Gartner research director Mikako Kitagawa added: “The single most significant influencing factor for PC shipment decline was the coronavirus outbreak, which resulted in disruptions to both the supply and demand of PCs."

Interestingly, the opposite could be said of the laptop market. While it has also experienced supply chain struggles, these have primarily been as it attempts to meet the huge increase in demand. Millions of people around the world have been forced to work from home, leaving some scrambling around to find a suitable productivity machine. 

Overwhelmingly, a laptop has been the device people turn to. Despite the iPad Pro and other tablets offering a potential vision of the future of computing, laptops still offer the perfect blend of functionality and portability. Once considered inferior to PCs in terms of processing power, recent laptop releases have proven they can more than hold their own. 

The beauty of desktop PC is that the internals and peripherals can be easily swapped out without having to buy a new device. Upgrading your monitor, keyboard or mouse is as simple as connecting a few cables, while with some expertise an older processor or hard drive can be replaced within minutes. 

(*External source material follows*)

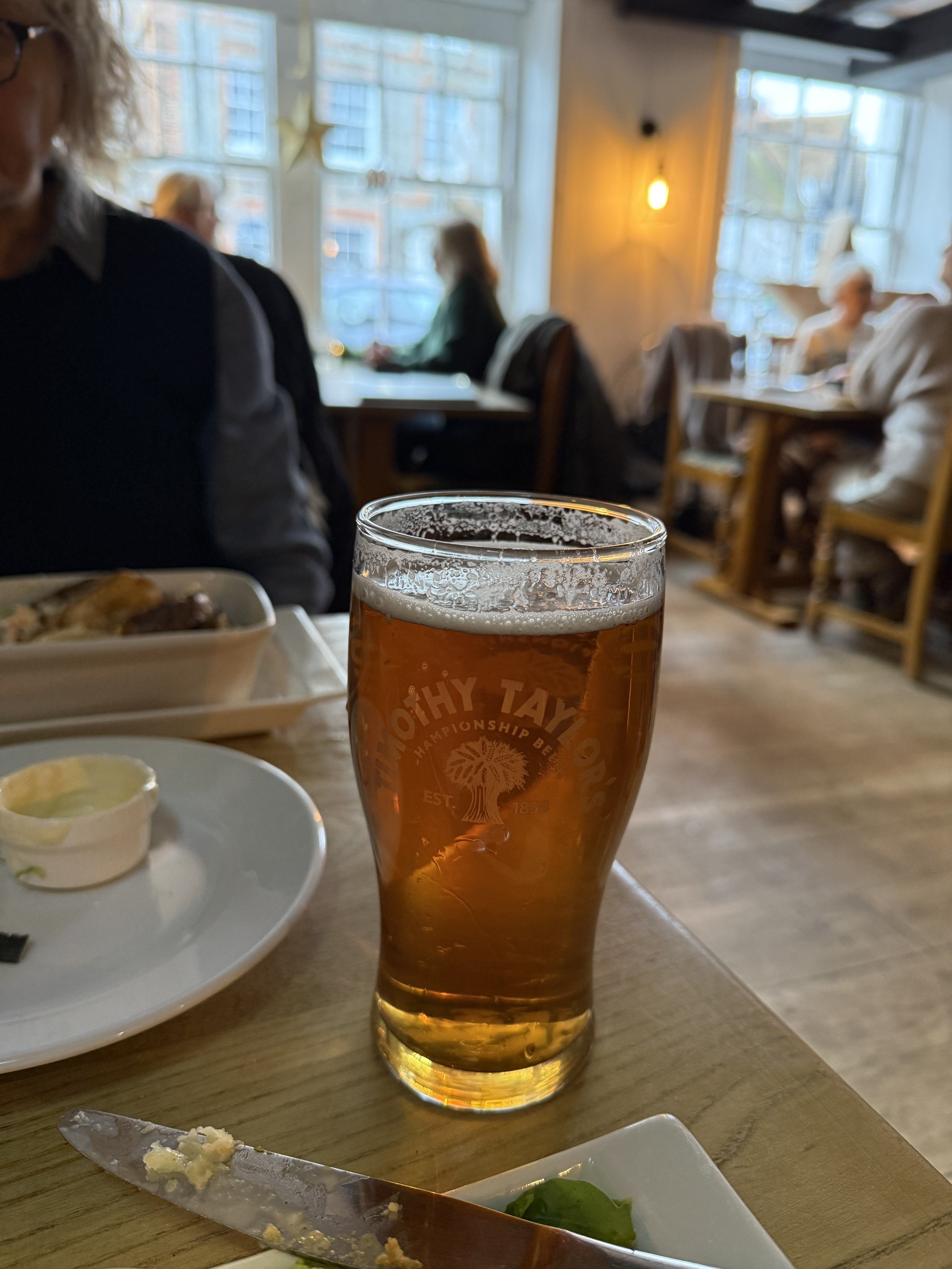 Landlord is one of my favourite beers. And what’s more, it’s now available in one of our local pubs, just over half a mile’s walk from the house, so what better way to spend lunchtime on New Year’s Eve. Great beer, a baked potato, perfect.

The decision to purchase a PC is a long-term commitment, with a general expectation that the core device will last a decade or more. The same can rarely be said of laptops, which goes some way to explaining the latest figures. 

A laptop provides a 'quick fix' for working from home during the coronavirus outbreak, but for longer periods a full desktop setup might be more attractive. Might this enforced experiment even convince some companies to pursue working from home once the pandemic has subsided?